The remaining two hounds backed away, whining, their tails between their legs, their ears flat against their skulls. For the first time in their unnatural lives, they felt fear. Real fear. The fear of prey that had met a predator.

 

Thorne took a step forward, and the black flames around him intensified, growing hotter, brighter, more real. He could feel the dragon blood awakening, ancient power flooding through his veins, healing his wound, strengthening his body, changing him into something that could stand against the darkness and not fall.

 

"Come," he said, and his voice had changed—deeper, layered with something inhuman, with something that spoke from a throat that shouldn't exist in a human body. "Come and meet your death."

 

The hounds turned and fled, abandoning the hunt, abandoning the Church's orders, abandoning everything but the need to survive, to put distance between themselves and the fire that had burned their brother.

 

Thorne stood in the rain, black fire still burning around him, and watched them go, watched them disappear into the darkness, watched them become nothing but shadows in the night. Then the flames died, fading like embers, and he collapsed to his knees, exhausted in a way that went beyond physical tiredness, in a way that touched his soul.

 

The tavern door opened behind him, and Lyra ran out, wrapping her arms around him before he could fall, holding him up when his body wanted nothing but to rest, to surrender to the mud, to the darkness.

 

"I saw," she whispered, her voice trembling with something that went beyond fear, beyond awe. "I saw the fire. It's real. The dragon blood. It's real."

 

Thorne looked up at her, his right eye still glowing faintly gold, the last ember of the fire that had burned the hound, that had changed him forever. "Yes," he said, and there was weight in the word, weight that went beyond simple confirmation. "It's real. And now they know it too."

 

"Who?" Lyra asked, her mind racing with implications she didn't want to face. "Who sent the hounds?"

 

"The Church," Thorne said, and the name was poison on his tongue, was the taste of ash in his mouth. "The Church of Holy Light. And they won't stop with hounds. Next time, they'll come with inquisitors. With paladins.
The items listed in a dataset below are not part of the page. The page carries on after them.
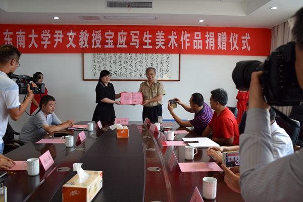仪式上,东南大学艺术学院领导将尹文教授的书画作品捐赠给宝应县人民政府,其中包括“射阳春望”、“藏陈故里”、“龙竿晓钟”、“水泗荷园”、“白田安宜”、“学宫迎秀”、“松鹤清源”等十一幅以宝应文化遗产景点为主题的中国水彩画,这些作品气韵浑然天成、妙趣匠心独具,具有较高的艺术价值。宝应县人民政府为尹文教授颁发了收藏荣誉证书,并将其作品列为不可移动文物,交由宝应博物馆永久收藏。这也是宝应博物馆首次将当代书画作品作为馆藏文物进行保管。
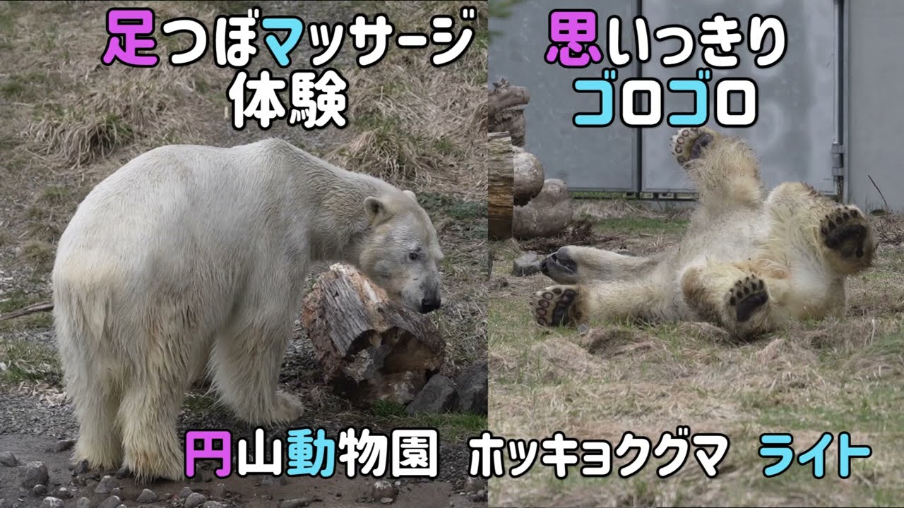 円山動物園 ホッキョクグマのライト 足つぼマッサージ体験 思いっきりゴロゴロ
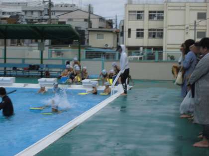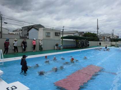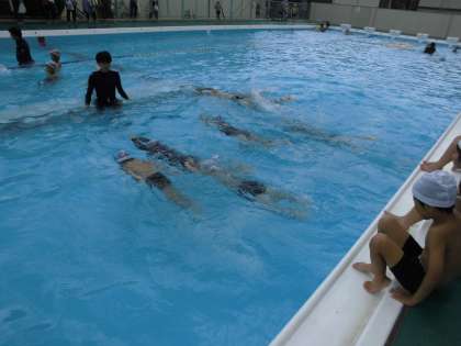 まだ水に顔をつけることが苦手なお子さんも、10秒続けてつけられたら必ず浮きます。家でも、お風呂の時などを利用して洗面器で挑戦したりしてみてください。夏休みに「特別練習」もあります。懇談会の時に担任から話がありましたら、ぜひ参加させてください。
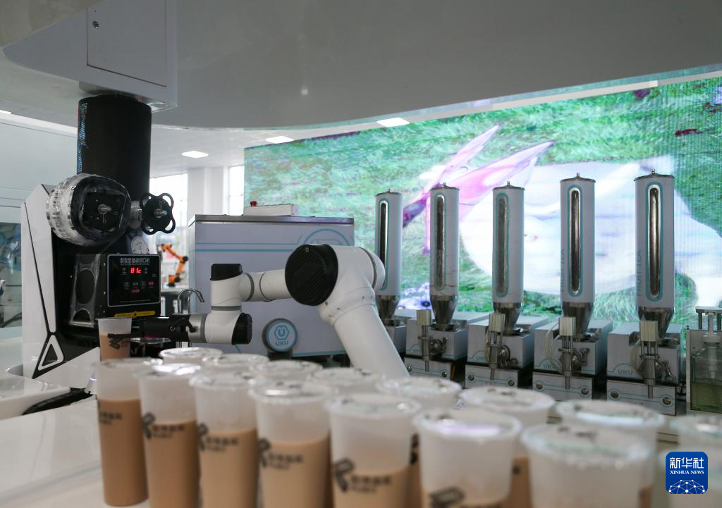 7月25日,在位于淄博市临淄区的遨博(山东)智能机器人有限公司,机器人在制作奶茶。
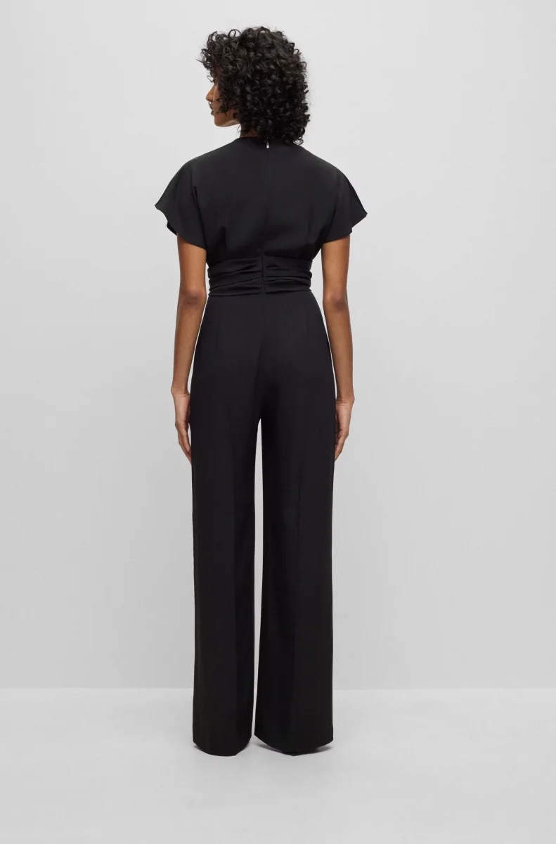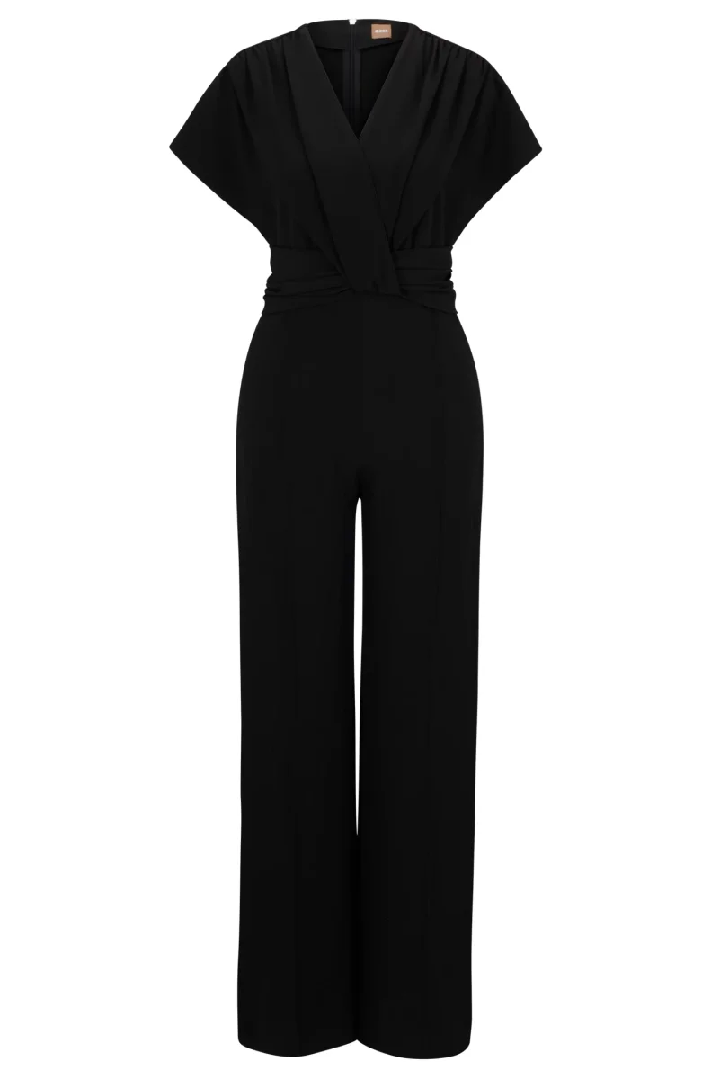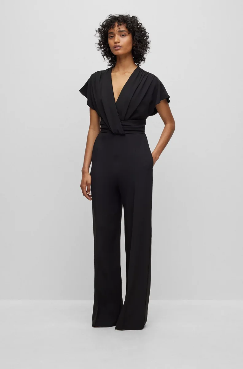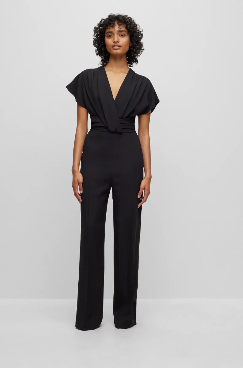 Una tuta jumpsuit slim fit realizzata in tessuto opaco con scollatura a V ed effetto avvolgente sulla parte anteriore.
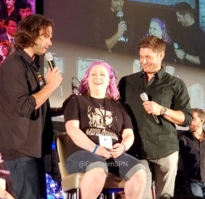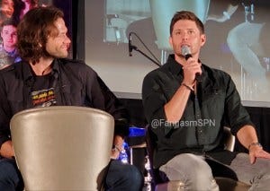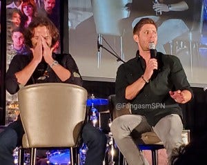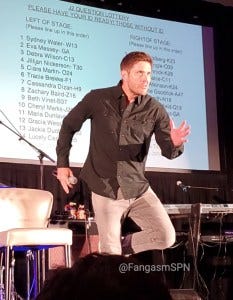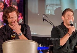 My favorite story, hands down, was Jared’s story of breaking up a fist fight when he and the family were in France. Jensen enjoyed it so much he couldn’t stay seated.
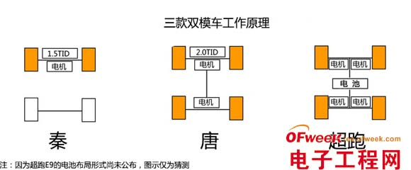 所以比亞迪規(guī)劃了更高級(jí)的混合動(dòng)力——唐。唐類似于保時(shí)捷918的混合動(dòng)力方式,在秦的基礎(chǔ)上,后輪加了一個(gè)電機(jī),組成前后混合動(dòng)力模式。這樣起步可以四輪驅(qū)動(dòng),不是5.9秒,而是4.9秒、3.9秒,起步可以秒殺超跑的。
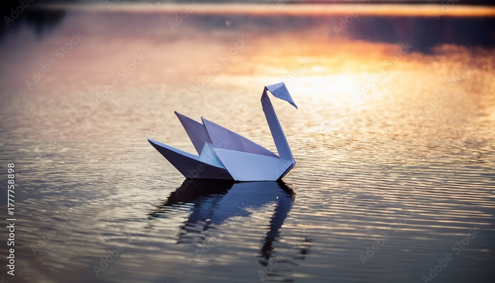Plakat Origami - dreamy origami swan floating peacefully on calm water surface #1777758898
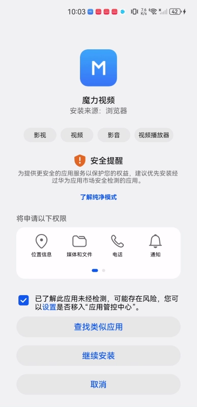3、接下来进行第三步,点击选中“已了解此应用未经检测……”选项,随后点击“继续安装”。(若出现安全提醒,无需慌张)
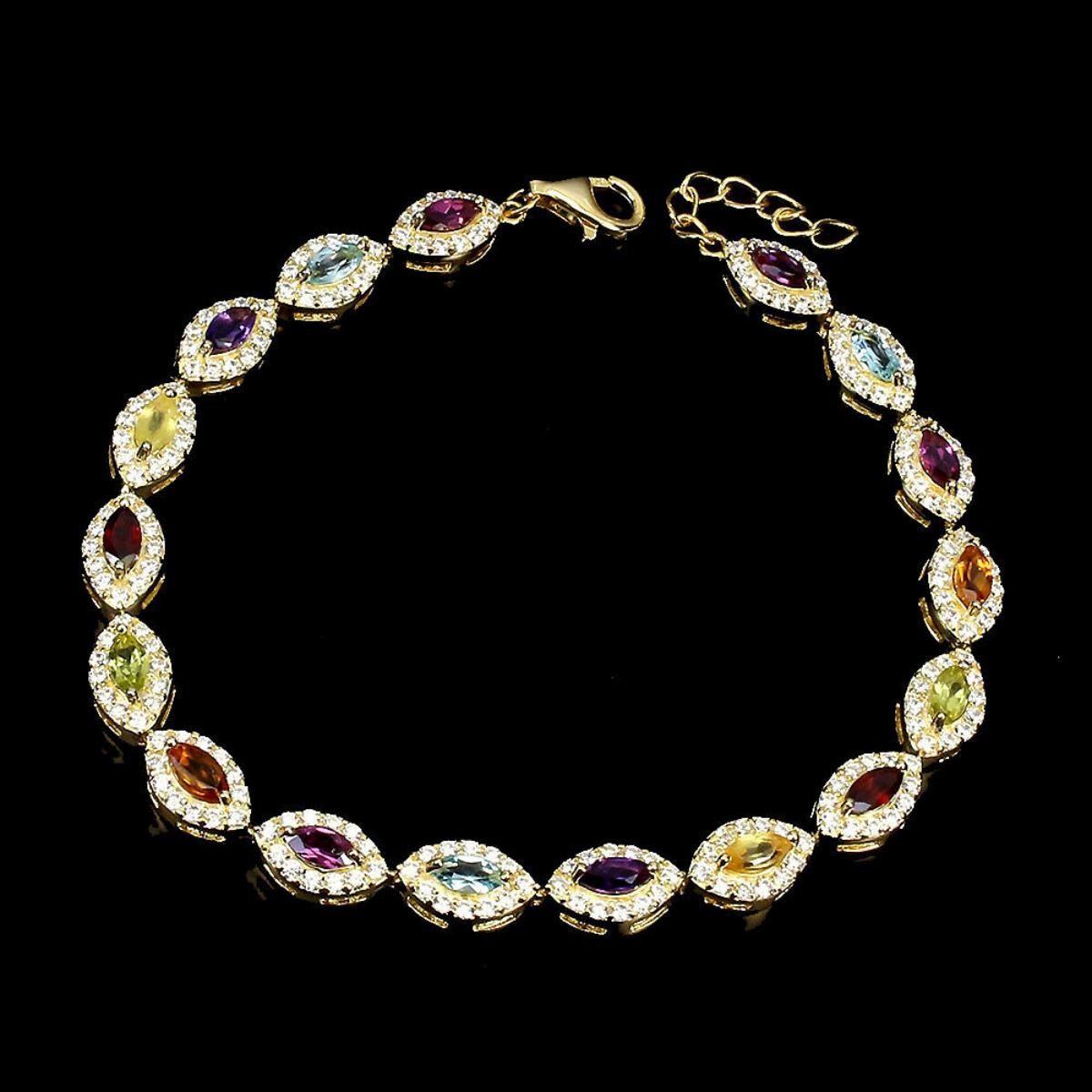 925 STERLING SILVER;PLATE-14K YELLOW GOLD;LENGTH (INCHES)7.5;MAIN STONE--RHODOLITE GARNET;OTHER GEMS-AMETHYST, MOZAMBIQUE GARNET, PERIDOT, SAPPHIRE;TOTAL WEIGHT-10.01 GRAM (TOTAL WEIGHT OF SILVER + STONE)DIMENSION-* STONE 5.0 X 2.5 MM.;* LENGTH 7.5 INCHES.* FACE BRACELET 160.0 X 6.0 MM.;MAIN STONE SHAPE-MARQUISE CUT;MAIN STONE COLOR-PINK RASPBERRY;CLARITY/GRADE-IF TO VVS;TREATMENT-UNHEATED;ORIGIN-AFRICA;HARDNESS-7.0 - 7.5;
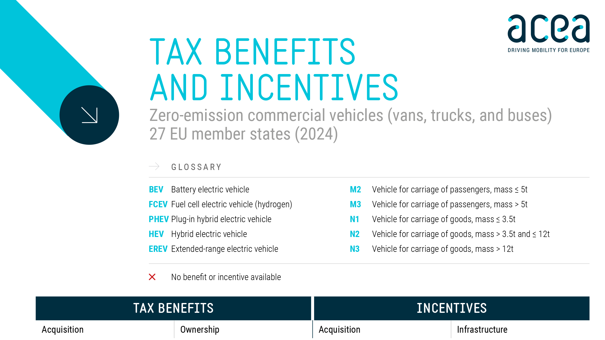 - Around a third of EU member states do not offer any incentives for commercial vehicle acquisition.
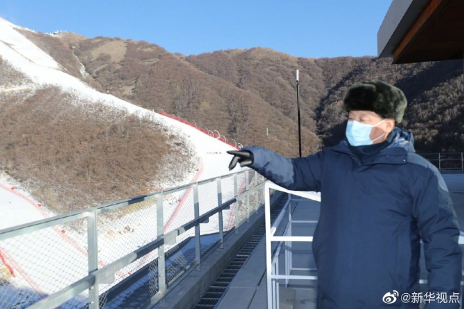 18日下午,习近平总书记来到位于北京市延庆区的国家高山滑雪中心考察调研。在竞技结束区,习近平观看了高山滑雪赛场保障运行和竞技比赛训练情况。习近平指出,体育强国的基础在群众体育。要通过举办北京冬奥会、冬残奥会,把我国冰雪运动特别是雪上运动搞上去,在3亿人中更好推广冰雪运动,推动建设体育强国。临别时,大家齐声高呼:“中国冰雪,加油!”习近平也鼓励大家说:“加油!”

With armies. They'll burn this village, and every village between here and wherever I run. They'll never stop."

 

He tried to stand, but his legs wouldn't hold him, his body too exhausted, the transformation too recent, the change too profound.

 

"We have to leave," he said, forcing the words out through a throat that wanted to close, that wanted to surrender to sleep. "Tonight. Before dawn. Before they send something worse than hounds."

 

Lyra helped him up, supporting his weight, her small frame surprising him with its strength. "Where will we go?"

 

"North," Thorne said, looking toward the dark horizon, toward the frozen wastelands where his life had begun, where the Plague had begun, where everything had begun. "To the frozen wastelands. To where the dragon blood came from. To where the Iron Plague began."

 

Lyra looked at him, purple eyes searching his face, seeing the determination there, the acceptance of a path that led only to darkness, to death, to the end of everything. "You think you can stop it?"

 

Thorne laughed weakly, a sound that held no humor, only the weight of too many years running, too many deaths seen, too much loss carried. "I don't know. But I have to try. Because if I don't, there won't be anything left to save. The Plague will consume everything, and the Church will burn what remains, and the darkness will have won. And I can't let that happen. I won't let that happen."

 

And Lyra heard something in his words, something that went beyond determination, beyond courage. She heard the voice of someone who had seen the end, who had looked into the darkness and refused to look away, who had accepted that death was coming and had decided to meet it standing.